== WHAT YOU NEED TO DO ==
Would you reproduce, word for word, only the lines running from the top of the data through the line containing "在錦浪科技的展臺(tái)中", and none of the pictures?

----

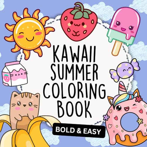 Kawaii Summer: Cute Coloring Book ... Vibes, Ice Cream, and Bold and Simple Designs for Adults, Children, Teens, and Seniors - Adorable and Simple ... Single-Sided Pages for Fun and Relaxation
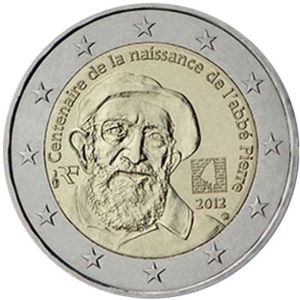 Beschrijving van het ontwerp: het binnenste gedeelte van de munt toont, iets uit het midden naar links, een portret van Abbé Pierre met zijn bekende muts, en aan de rechterzijde het logo van de stichting die zijn naam draagt, met daarin in microtekst de vraag "Et les autres?", zijn favoriete woorden die ons eraan moeten herinneren dat wij nooit moeten vergeten anderen te helpen. De inscriptie “Centenaire de la naissance de l’abbé Pierre” vormt langs de rand van het binnenste gedeelte van de munt een boog rond het portret, aan de linkerzijde geflankeerd door de hoorn des overvloeds (het muntteken van de Monnaie de Paris) en de letters “RF” ter aanduiding van het land van uitgifte, en aan de rechterzijde door de “fleurette” (het merkteken van de graveurs). Langs de buitenrand van de munt zijn de twaalf sterren van de Europese Unie afgebeeld.
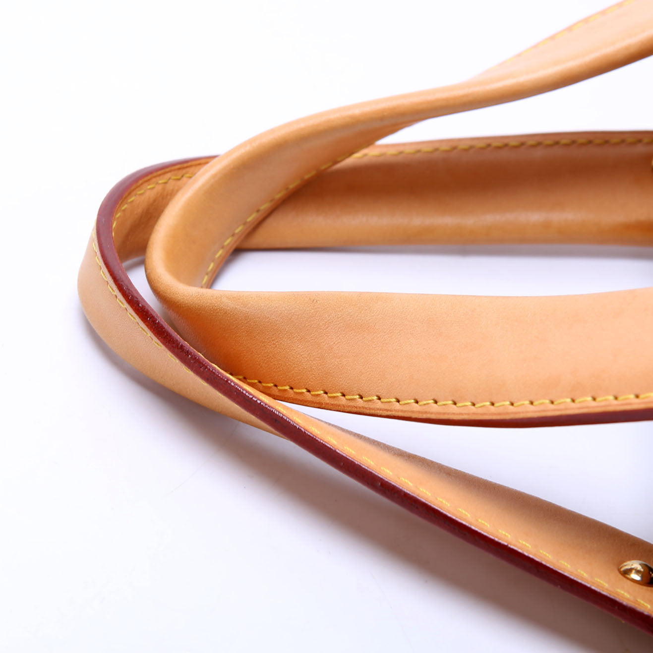 Strap: The strap shows minor creasing, discoloration, and warping on the shoulder piece.
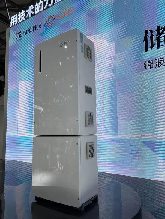 在錦浪科技的展臺(tái)中央則擺放著一臺(tái)“雙門(mén)立式大冰箱”,其實(shí)是公司推出的儲(chǔ)能新品——光儲(chǔ)一體機(jī)。其將逆變器、電池和開(kāi)關(guān)單元等設(shè)備集成于僅0.5立方米的空間內(nèi),可便于現(xiàn)場(chǎng)快速安裝,易于后期維護(hù),同樣是一種智能、便捷的光伏儲(chǔ)能解決方案。
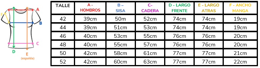 (A la hora de elegir tu talle, debes tener en cuenta que las mismas son tomadas en plano, por lo cual debes multiplicarlas x2 para saber el contorno real y también tener en cuenta la elasticidad de la tela).
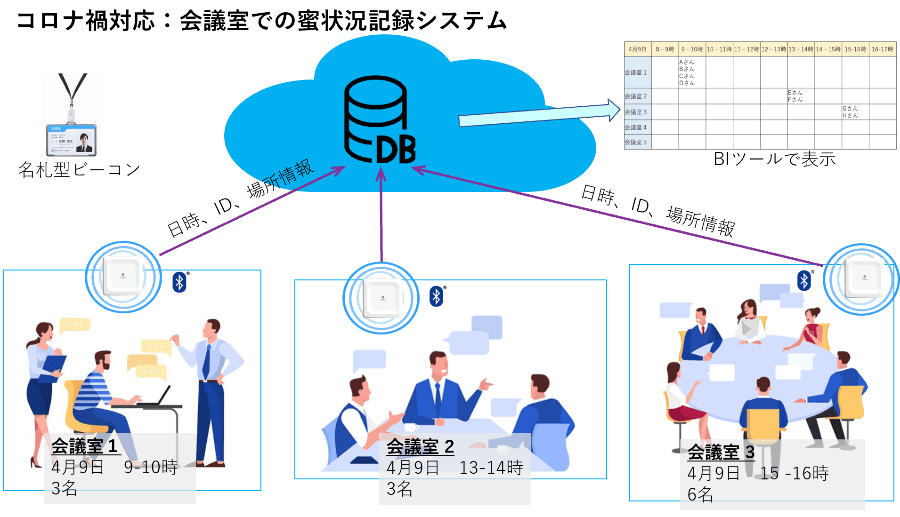 コロナ禍で働き方が大幅に変わり、テレワークや時差通勤以外にも、大なり小なり新型コロナ対策を進めている企業が多いのではないでしょうか。ここでは、上述したBLEセンサーを含め、BLEを活用した新型コロナ対策の活用例を3つご紹介します。
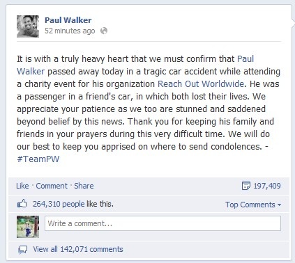 Ê-kip của nam diễn viên Paul Walker cũng đưa thông cáo: "Chúng tôi vô cùng thương tiếc báo tin Paul Walker đã qua đời sau một tai nạn ô tô, khi đang trên đường tới sự kiện từ thiện của tổ chức Reach Out Worldwide. Bạn của Paul cầm lái, cả hai cùng thiệt mạng trong vụ tai nạn này. Chúng tôi thật sự rất đau buồn trước sự ra đi này. Cám ơn những lời chia sẻ và cầu nguyện đến gia đình và bạn bè của Paul. "
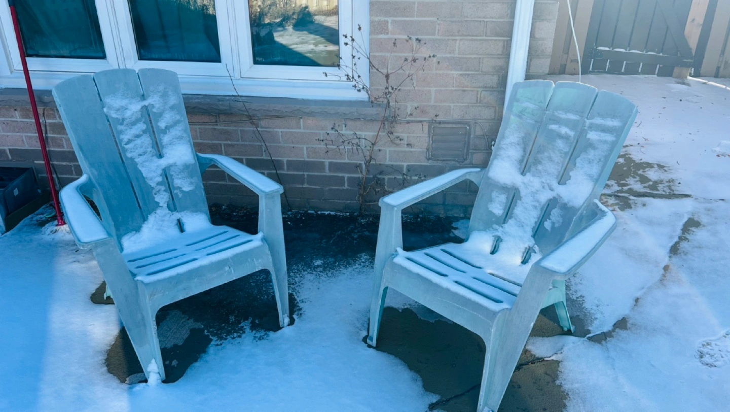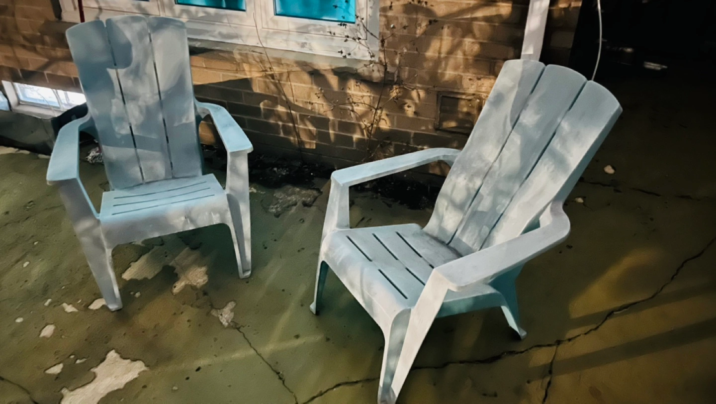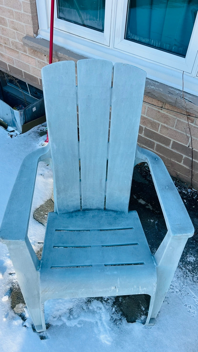 Two grey plastic chairs. Perfect for your patio or backyard. Both for $10. Offer for New Year.
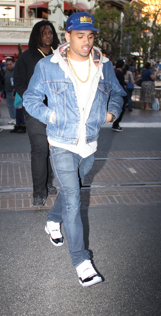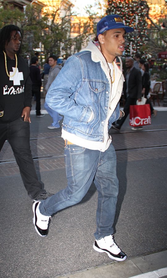 Check out these snaps of ‘She Ain’t U‘ singer Chris Brown sporting a fresh pair of the newly released Jordan Concord 11’s at the Grove, Hollywood last night.

----

== SOLVED EXERCISE ==
 Kawaii Summer: Cute Coloring Book ... Vibes, Ice Cream, and Bold and Simple Designs for Adults, Children, Teens, and Seniors - Adorable and Simple ... Single-Sided Pages for Fun and Relaxation
 Beschrijving van het ontwerp: het binnenste gedeelte van de munt toont, iets uit het midden naar links, een portret van Abbé Pierre met zijn bekende muts, en aan de rechterzijde het logo van de stichting die zijn naam draagt, met daarin in microtekst de vraag "Et les autres?", zijn favoriete woorden die ons eraan moeten herinneren dat wij nooit moeten vergeten anderen te helpen. De inscriptie “Centenaire de la naissance de l’abbé Pierre” vormt langs de rand van het binnenste gedeelte van de munt een boog rond het portret, aan de linkerzijde geflankeerd door de hoorn des overvloeds (het muntteken van de Monnaie de Paris) en de letters “RF” ter aanduiding van het land van uitgifte, en aan de rechterzijde door de “fleurette” (het merkteken van de graveurs). Langs de buitenrand van de munt zijn de twaalf sterren van de Europese Unie afgebeeld.
 Strap: The strap shows minor creasing, discoloration, and warping on the shoulder piece.
 在錦浪科技的展臺(tái)中央則擺放著一臺(tái)“雙門(mén)立式大冰箱”,其實(shí)是公司推出的儲(chǔ)能新品——光儲(chǔ)一體機(jī)。其將逆變器、電池和開(kāi)關(guān)單元等設(shè)備集成于僅0.5立方米的空間內(nèi),可便于現(xiàn)場(chǎng)快速安裝,易于后期維護(hù),同樣是一種智能、便捷的光伏儲(chǔ)能解決方案。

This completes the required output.